Well, since my last post, I successfully defended (footage from after the defense), found a job as an analytics developer at a startup in Austin, TX, and even moved out here.  Feels great to be out of Houston and — despite the Texas summer — I’ve started playing outside again, running, climbing and biking.  I’ve somewhat competitive plans of doing well at next February’s Austin marathon, as well as some mountain trips further in the future…

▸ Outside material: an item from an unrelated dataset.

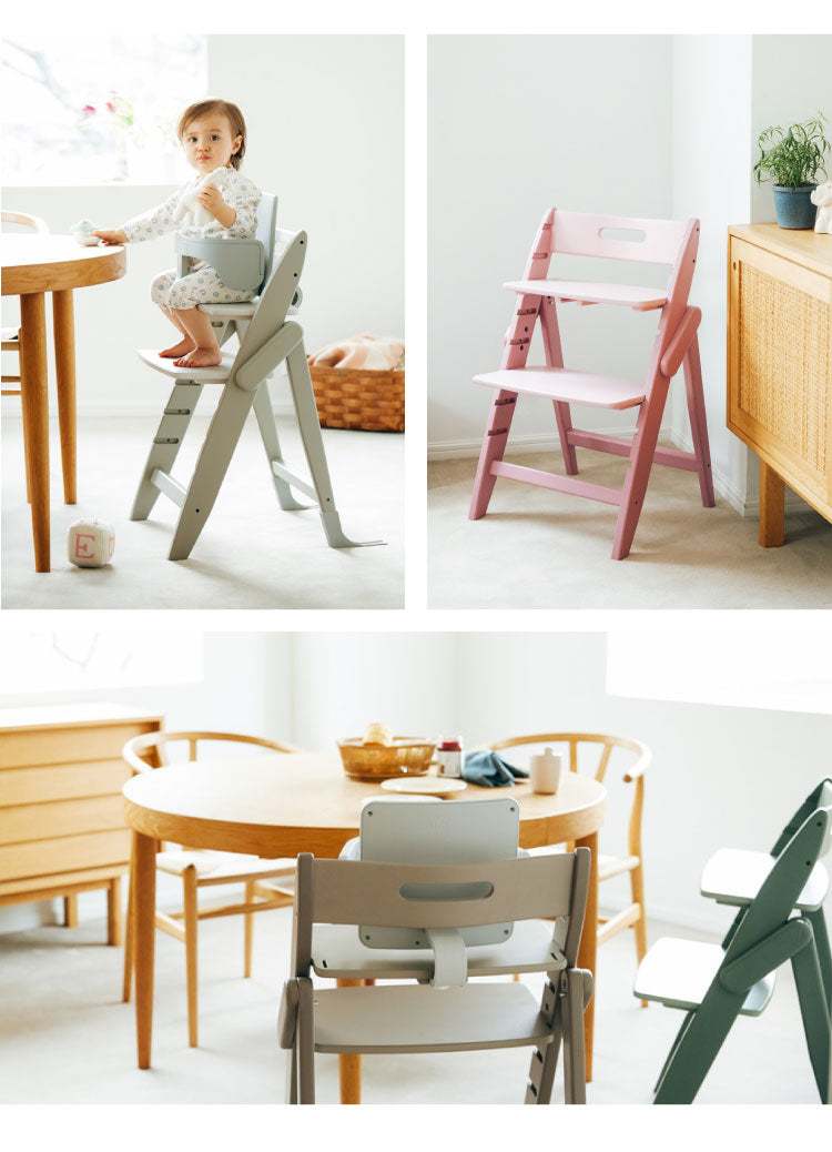 座面の着脱と高さ調節が簡単なイッピーは生後6か月頃のお子さまからママ・パパまで家族みんなでシェアすることができます。

For now though, having tons of fun at the job, playing with gigantic data sets, and learning all sorts of new things.  I’d expect more posts about manifold learning and extracting structure from large networks in the future, but for today a track and field video I’ve loved for a long time, featuring Bill McChesney, John Treacy and Steve Ovett.

Hiatus

Coming up on my defense, so no fun for a little while.  Hopefully I’ll be back in May with new, interesting (to me!) tidbits and adventures.  Happy trails!

Bouncing balls

Inspired, as usual, by Leonid’s recent post, I decided to first write a script that would mimic his.  After that, since I had all the numbers worked out, I wrote two more MATLAB programs: one that mimicked elastic collisions in 2-dimensions, and one that mimics them in 3.

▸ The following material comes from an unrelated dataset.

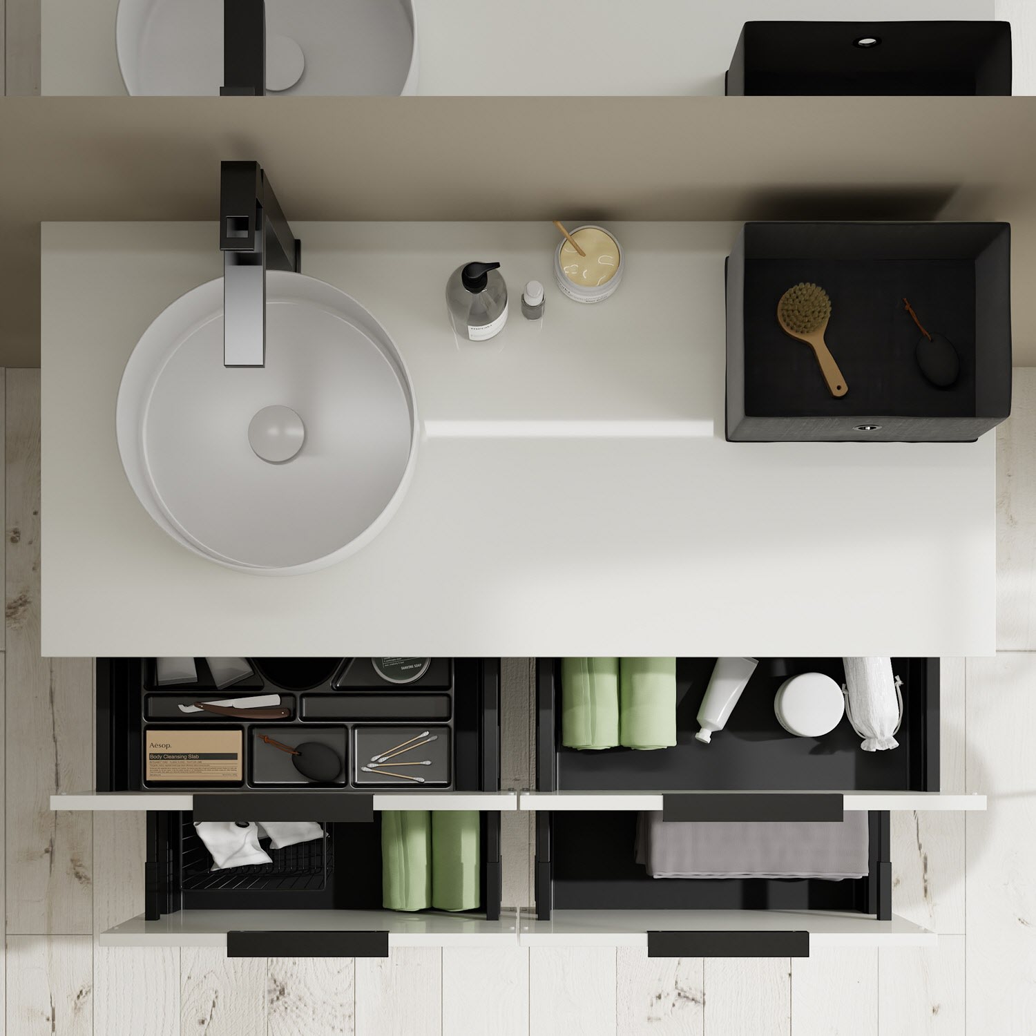 - 2 Schubladen oben, 35 cm tief, mit Siphonausschnitt und Inneneinteilung

In theory, you can specify the number of particles and their radius, as well as the mass, position, and initial velocity for each (I didn’t vectorize radius for some reason, so I cannot model balls of different sizes bouncing around).  However, in practice I just generate random vectors for each of these numbers.  The final aspect is that the domain I put the balls in was a pool table of 9 x 4.5 units, or 9 x 4.5 x 4.5 for the 3D version.  This was just to make calculating the reflecting angle easier when a ball hit the wall.

As with Leonid’s code, mine works by checking whether the next step will cause any collisions, then adjusting the velocity vector so that the collision didn’t happen (using conservation of momentum and kinetic energy).  This algorithm is not “smart” in the sense that by avoiding one collision, it might get pushed into a second collision which it does not detect, and if a particle gets going fast enough, it can reflect off a wall from a large distance (my time step is just 0.01).  You can spot this in some of the figures below.

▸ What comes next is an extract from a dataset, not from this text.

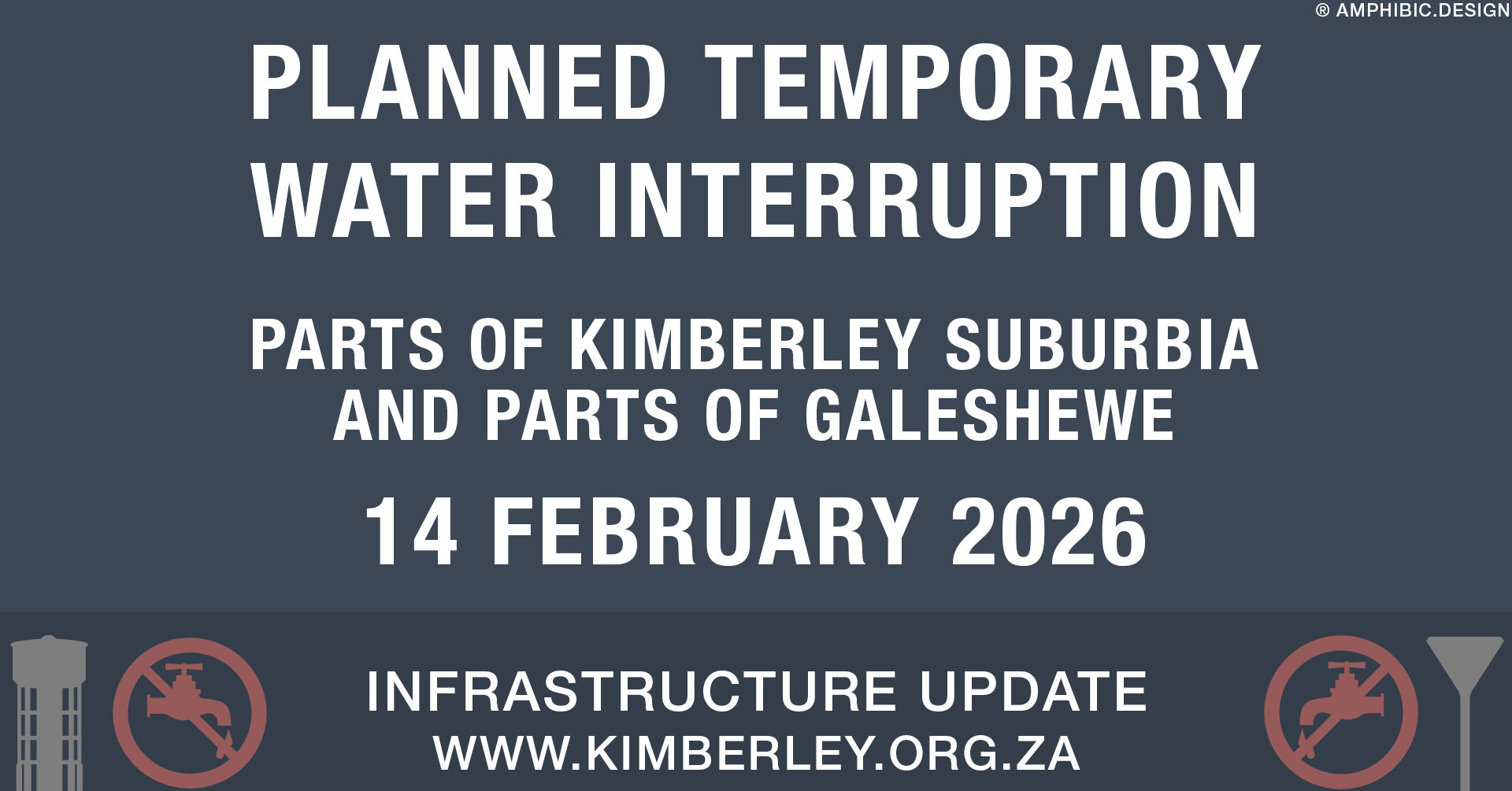 TEMPORARY WATER INTERRUPTION – 14 February 2026 – Parts of Kimberley Suburbia & Parts of Galeshewe

Anyways, here are some of the outputs.  I did not go through the trouble of turning these into .gifs, but they play fairly smoothly.  What happens is I simulate N particles of varying masses and velocities bouncing around in a 2- or 3- dimensional box for T seconds, then plot the path of one of the particles.  The end position of all the particles, plus this path, is in each picture below (with the “tracked” particle colored in red).

4 particles for 20 seconds. Not many collisions... I can spot 3, I think.

40 particles bouncing for 20 seconds. This particle is involved in a few more collisions than last time (and looks to have been moving faster, too.

Now 40 particles for 20 seconds in 3d. A few more collisions, and it looks like it was going pretty fast in the middle there for a while.

400 particles for 20seconds. Starting to look more like the "random walk" of Robert Brown's pollen, though I would certainly have to mess with how heavy the particles were to more accurately model that.